Advanced Sharding & Replication
VortexDB is designed for horizontal scalability. This document explains how to use sharding and replication to distribute your data across multiple nodes for high availability and performance.
Sharding
VortexDB supports automatic sharding, which partitions your data across multiple servers. This allows you to scale your database horizontally as your data grows.
Sharding Strategies
Strategy | Best For | Example |
---|---|---|
Range | Sequential data | Time-series |
Hash | Even distribution | User data |
List | Discrete values | Geographic |
- Range Sharding: Data is distributed based on a range of values in a sharding key.
- Hash Sharding: Data is distributed based on a hash of the sharding key, ensuring even distribution.
- List Sharding: Data is distributed based on a predefined list of values in the sharding key.
Benefits of Sharding
- Horizontal Scalability: Distribute data and workload across multiple servers.
- Improved Performance: Parallel processing of queries across shards.
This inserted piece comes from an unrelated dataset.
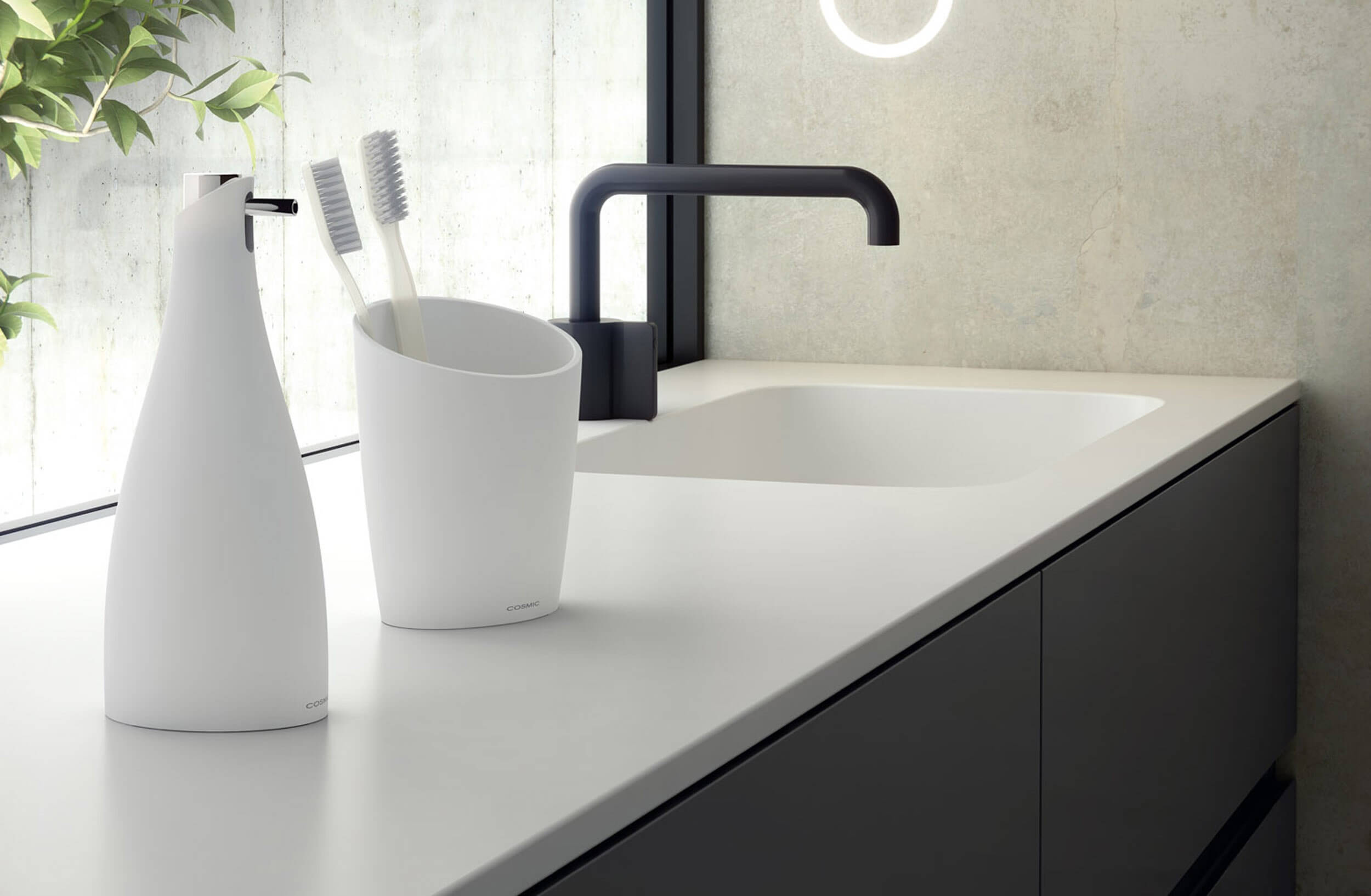 Accesorios de baño fabricados en PMMA (polimetilmetacrilato), un material muy resistente a los impactos y a los rayos UVA, manteniéndolos inalterables en el tiempo. Recubiertos de una pintura gomosa de color blanco soft que le aporta un tacto sedoso.

- Increased Storage Capacity: Store larger datasets than a single server can handle.
Replication
VortexDB uses a primary-replica replication model to ensure high availability. If the primary node fails, one of the replicas is automatically promoted to primary, ensuring that your application remains available.
Replication Modes
- Synchronous Replication: Ensures that data is written to all replicas before a transaction is committed, providing strong consistency.
- Asynchronous Replication: Data is replicated with a slight delay, offering lower latency but eventual consistency.
Disaster Recovery
Replication is a critical component of disaster recovery. By maintaining multiple copies of your data across different nodes or data centers, you can ensure business continuity in case of a failure.
Read Scalability
Replicas can also be used to offload read traffic from the primary node, improving read performance and overall system throughput.